%%

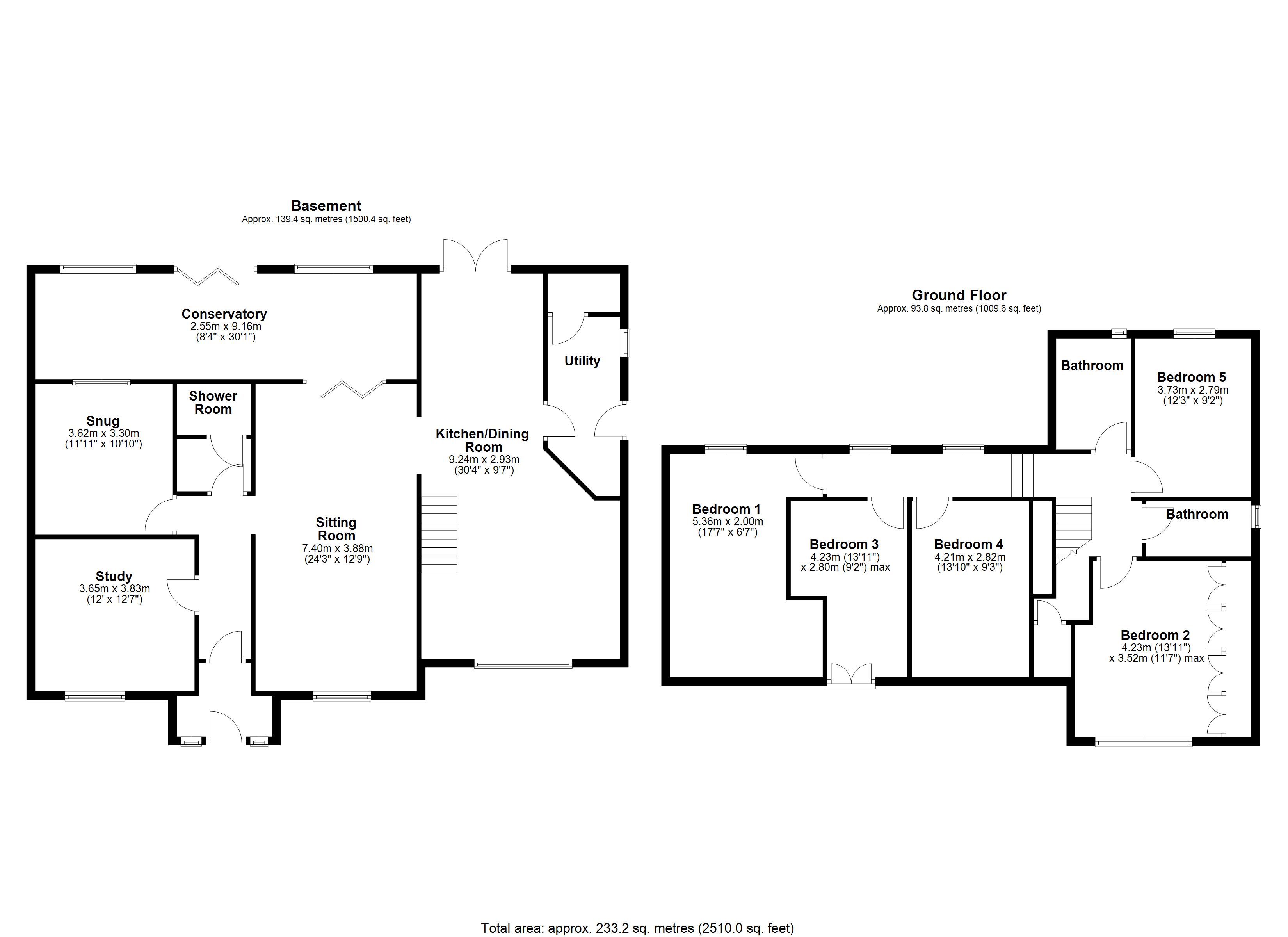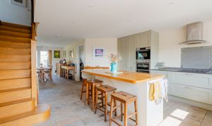 The layout offers three reception rooms on the ground floor which include a large study, a snug and a sitting room, again these offer a variety of layout choices. From the sitting room there are bifold doors to the conservatory which overlooks the rear garden. The heart of many homes is the kitchen and this one doesn’t disappoint. With an island breakfast bar and room for a large table, it’s ideal for those with families and who like entertaining, being able to cook and chat at the same time! As one would expect, there’s also a ground floor WC/shower room and a separate utility room too. On the first floor are five bedrooms with views in both directions, and two bathrooms.
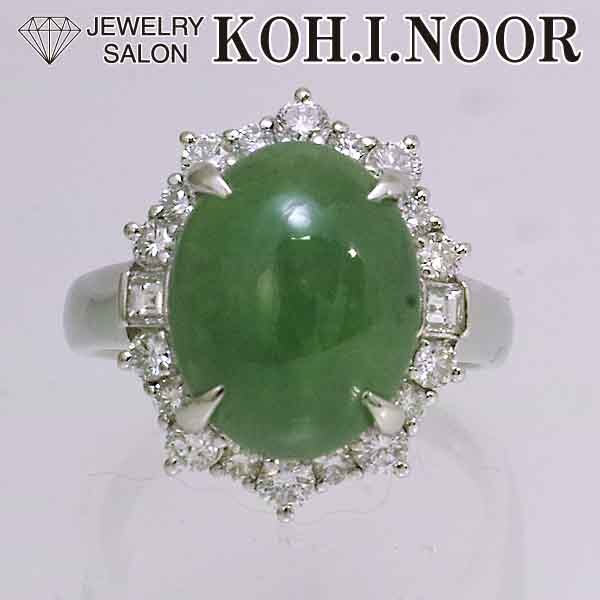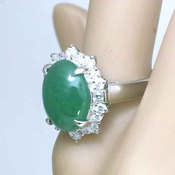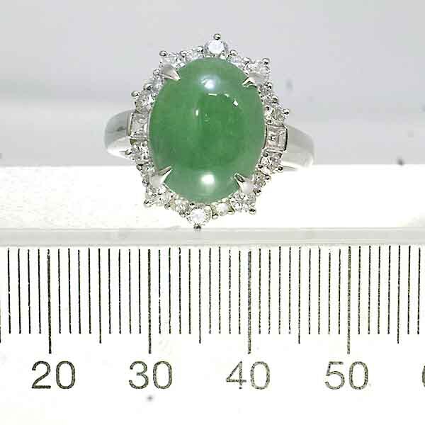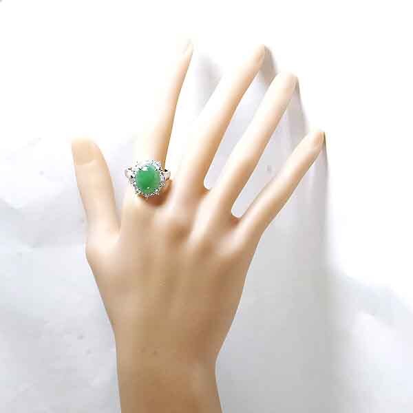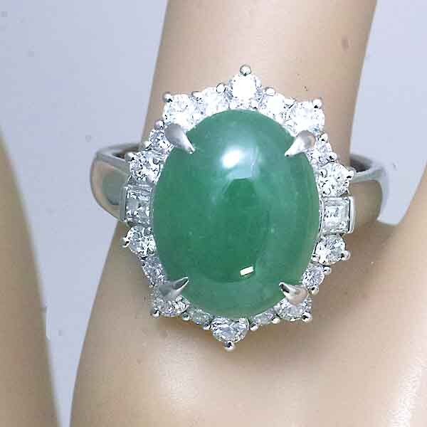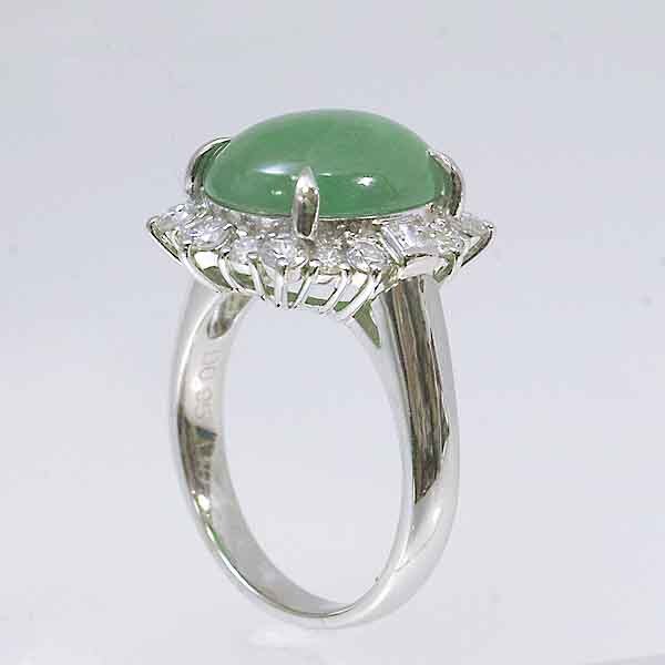 翡翠をダイヤで取り巻いたプラチナ製のファッションリング。
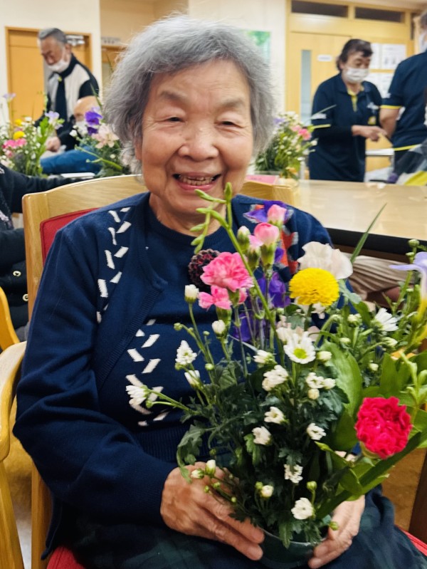 特にポンポンマムという品種の菊がアクセントになり、とっても可愛らしい仕上がりとなりました。
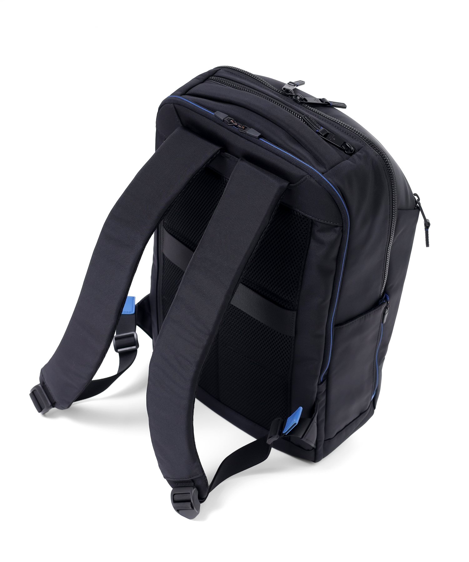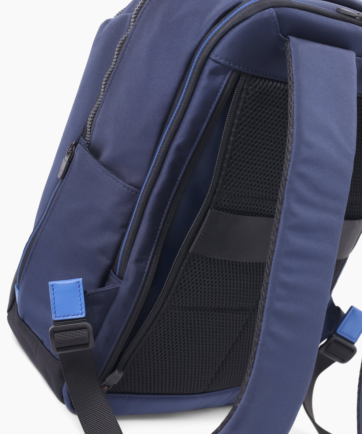 立体的なシルエットを作り出す裁断ながらもビジネスシーンでも使いやすいよう、収納ポケット類を豊富にすることで機能面にもこだわった、ランバンオンブルーのB4サイズのリュックです。背面にはセットアップベルトが備わっておりますので、キャリーケースに通すことができ、出張にも最適なリュックです。
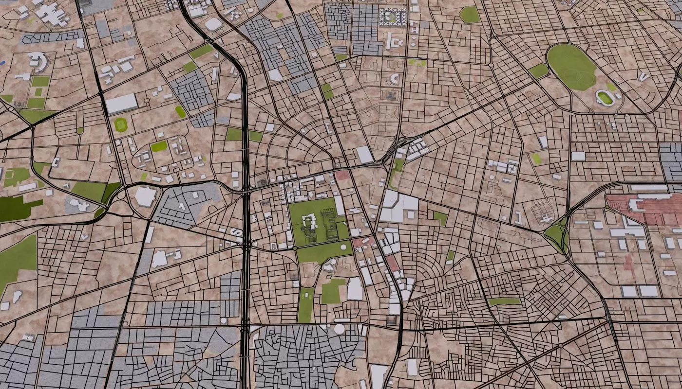 3D representation of Riyadh city_Kingdom of Saudi Arabia using 2019 October map data.This scene contains details of buildings, roads, land details, area details, airport, railway and water details.
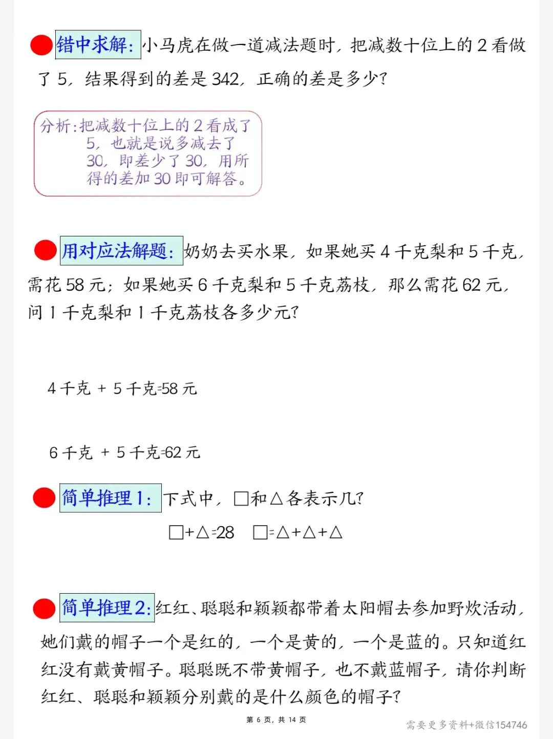 三年级下册数学易错思维应用题专项(电子版PDF),电子版可打印
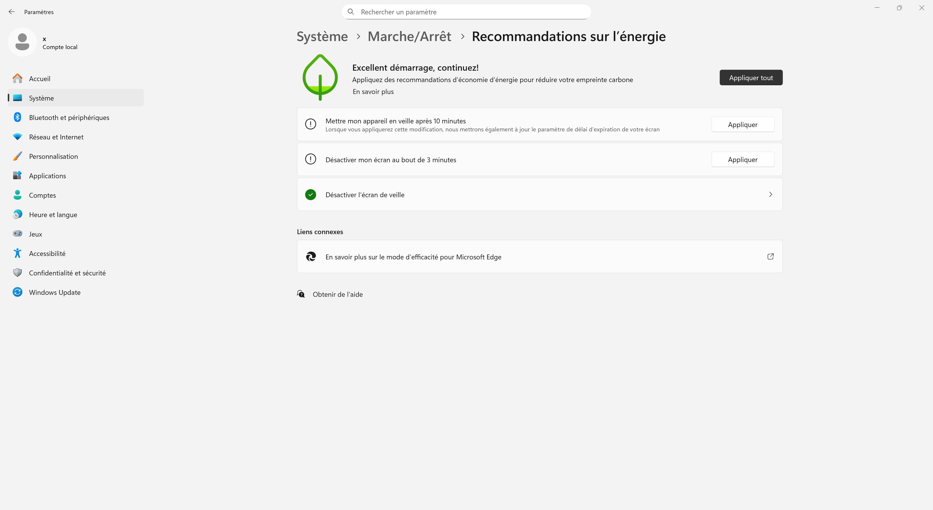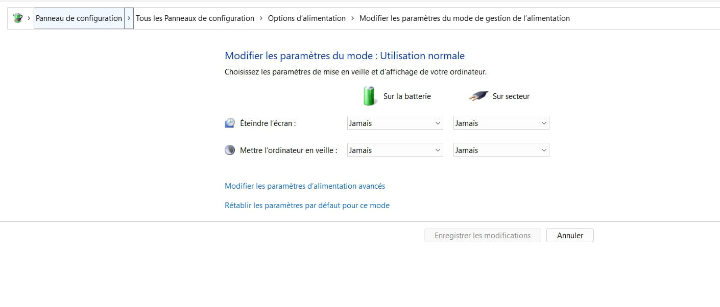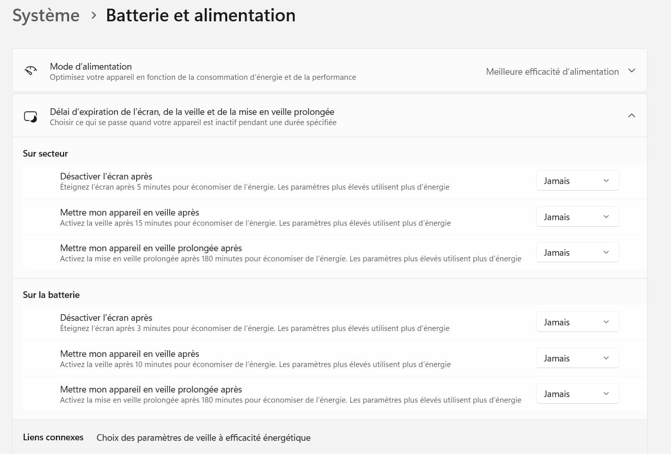 L'écran de mon PC Asus Vivobook 15 sous Windows 11se met en veille alors que la mise en veille est désactivée à la fois sur le secteur ou la batterie.
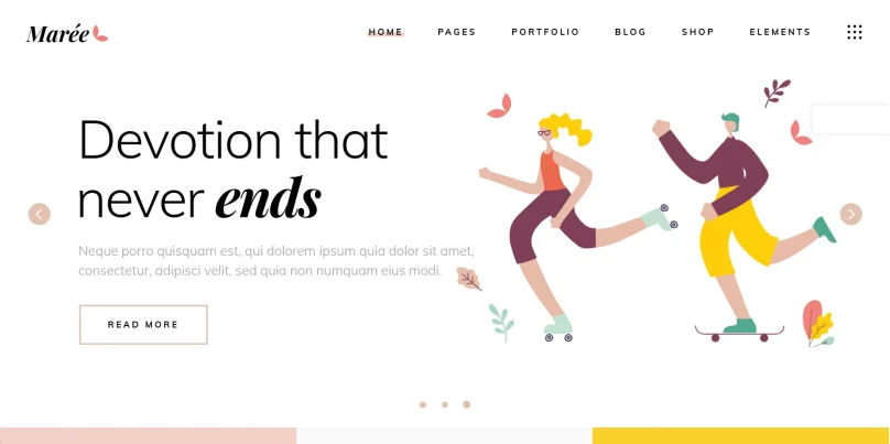 Современная тема с множеством готовых вариантов главной страницы. Поддерживает различные типы отображения портфолио: сетка, горизонтальное скроллирование, карусель. Отличный выбор для студий и независимых авторов.
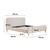 Het bedframe is verkrijgbaar in drie verschillende maten, 90 cm, 140 cm en 180 cm, zodat je de oplossing kunt kiezen die het beste bij je behoeften en ruimte past. Bovendien kun je kiezen uit twee natuurlijke en subtiele kleuren, beige en grijs, die allebei gemakkelijk te combineren zijn met verschillende interieurstijlen
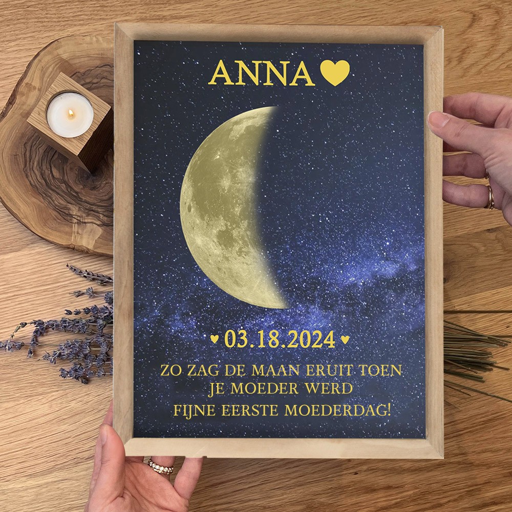Aangepaste moeder maanfase houten fotolijst bord met datum Eerste Moederdag cadeau-ideeën
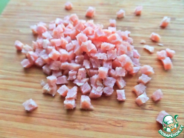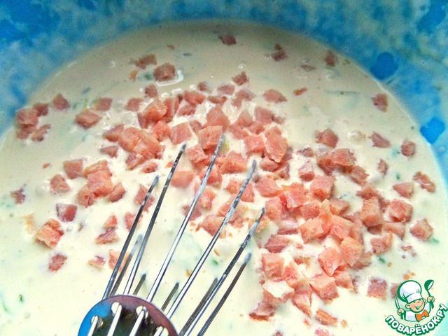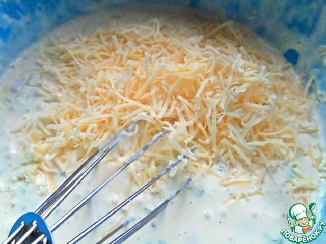 • Из остального сыра отделила примерно ложку для верха, остальное-в начинку.
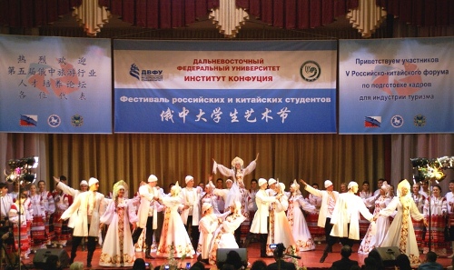 2012年10月15日,在远东联邦大学礼堂里成功地举办了第五届俄中大学生艺术节,牡丹江师范学院音乐舞蹈学院、远东联邦大学艺术团、远东国立渔业技术大学、海事大学等十余个学校的学生参加了演出。

%%

• [Exercise brief]:
Leaving every picture behind, retype the entries above exactly, from the first line through the line with "特にポンポンマムという品種の", and stop there.

• [Response]:
 The layout offers three reception rooms on the ground floor which include a large study, a snug and a sitting room, again these offer a variety of layout choices. From the sitting room there are bifold doors to the conservatory which overlooks the rear garden. The heart of many homes is the kitchen and this one doesn’t disappoint. With an island breakfast bar and room for a large table, it’s ideal for those with families and who like entertaining, being able to cook and chat at the same time! As one would expect, there’s also a ground floor WC/shower room and a separate utility room too. On the first floor are five bedrooms with views in both directions, and two bathrooms.
 翡翠をダイヤで取り巻いたプラチナ製のファッションリング。
 特にポンポンマムという品種の菊がアクセントになり、とっても可愛らしい仕上がりとなりました。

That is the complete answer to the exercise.